Phrynobatrachus inexpectatus
- Conservation status: Data Deficient (IUCN 3.1)

Scientific classification
- Kingdom: Animalia
- Phylum: Chordata
- Class: Amphibia
- Order: Anura
- Family: Phrynobatrachidae
- Genus: Phrynobatrachus
- Species: P. inexpectatus
- Binomial name: Phrynobatrachus inexpectatus Largen, 2001

= Phrynobatrachus inexpectatus =

- Authority: Largen, 2001
- Conservation status: DD

Species of frog

Phrynobatrachus inexpectatus is a species of frog in the family Phrynobatrachidae. It is endemic to southern Ethiopia. It is known with confidence from only three localities, but it may be more widely distributed in the Ethiopian Highlands. The specific name inexpectatus refers to the unexpected discovery of this species among museum specimens assigned to Phrynobatrachus minutus. Common names unexpected puddle frog and Largen's dwarf puddle frog have been coined for it.

==Description==
Adult males measure 13–16 mm and adult females 15–17 mm in snout–vent length. The tympanum is present but almost or completely hidden under the skin. The toes have feeble webbing and lack terminal discs. Dorsal skin is sometimes smooth but usually has warts in varying degree of number and prominence, most evidently on the upper flanks, posterior back, and hind limbs. Alcohol-preserved specimens are dorsally grey-brown; a paler vertebral line, stripe, or broad mid-dorsal band may be present. Dorsal pattern usually consists of very obscure blotching, spotting, and freckling. Adult males have strongly darkened throat, whereas throat of females is more or less profusely sprinkled with melanophores, either uniformly or clustered to form mottling or vermiculation.

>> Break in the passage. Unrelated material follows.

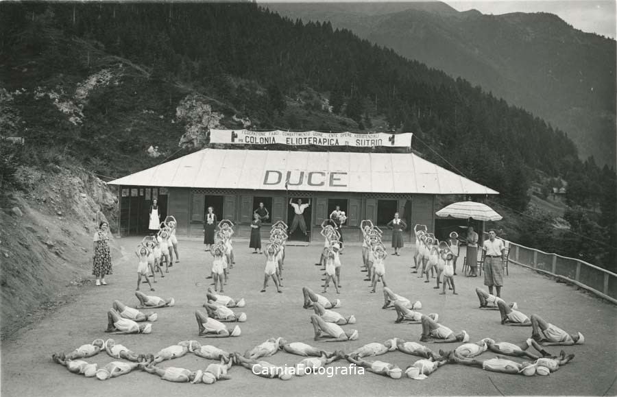 Gruppo di bambine esegue degli esercizi ginnici nel piazzale della colonia elioterapica di Sutrio; tutte indosano un completo e copricapo bianco.

==Habitat and conservation==
Phrynobatrachus inexpectatus at elevations of 1900–2650 m above sea level. It has been found amongst herbaceous vegetation at the margins of pools in open areas inside forests, and in a heavily grazed marshy area of extensively cultivated habitat where only remnants of former forest cover remained; whether this indicates tolerance to habitat disturbance or residual persistence is unknown. Breeding takes place in pools and marshes. Habitat degradation is a likely threat to this species. It is present in the Bale Mountains National Park.